Me: Did you eat your greens?
7YO: Cows eat grass and then give milk I’ll get my greens from the ice cream
What if instead of startling someone you could stople them. Just like, do something that makes them instantly really relaxed
When we were at the store, my daughter went up to a lady who was holding a pretty bottle and asked her what it is was and when she told her it was shampoo my daughter actually asked “What’s shampoo?” so I’m expecting a visit from social services any day now.
Receptionist: “The doctor will see you now.”
Invisible Man: “Finally, a cure!”
*Someone sends me a 4 minute video*
me: [42 seconds later] wow that’s so awesome thanks for sharing!
Kicked out of the aquarium for trying to sneak in a big straw
I love my 5yr old dearly, but if he keeps saying “Dark” Vader I may have to sell him.
Me: Back to school tomorrow! Everyone ready?
14: Yeah, let me check if I have any homework.
He’s been off for 17 days.
This year I have a few special people on my list that will get expired gift cards wrapped up with tons of glitter.
That’s the last time I follow some dude into the woods just because he tells me he’s a wizard.
Pizza is a good argument against nihilism.
Eve: *chewing* what was that thing we weren’t supposed to eat?
God: please tell me you didn’t eat the apple
Eve: *licking fingers* oh haha no
God: …where’s Adam?
ER Dr: What are you doing?
Me: I’m decorating.
ER Dr: Why?
Me: According to my bill I live here now.

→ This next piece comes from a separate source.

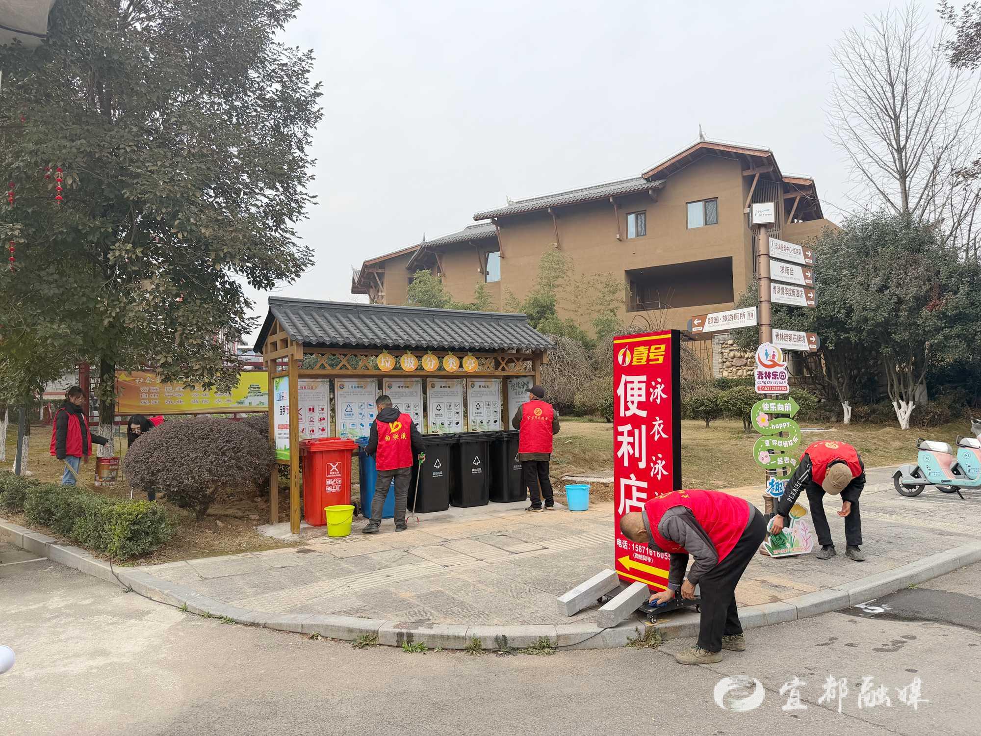作为牵头村,青林寺村立足全国乡村旅游重点村的示范定位,紧扣高坝洲镇“五整四美”专项行动要求,将整治触角延伸至每一个细节,主动统筹协调各参与单位,明确分工、凝聚合力,确保整治行动有序高效推进。青林康养公司积极履行社会责任,主动组织员工踊跃参与整治行动,重点助力提升景区周边环境品质,与各村形成了“村企联动、村村协同、全民参与”的良好整治氛围,各方力量充分发挥先锋模范作用,用实干践行责任担当。

Occasionally, the universe will send a sniffly stranger to stand too close to you in the store and inexplicably follow you through a couple aisles. Just for funsies
At some point, a guy looked at an onion that was clearly purple & called it red. AND WE’RE JUST SITTING HERE LETTING IT HAPPEN.
i hate it when my daughter is suddenly nice to me because I know it’s just a first calculated step in impending negotiations
My cooking is nothing that a flame thrower and take away menu can’t fix
Ghostbusters commercial: who you gonna call?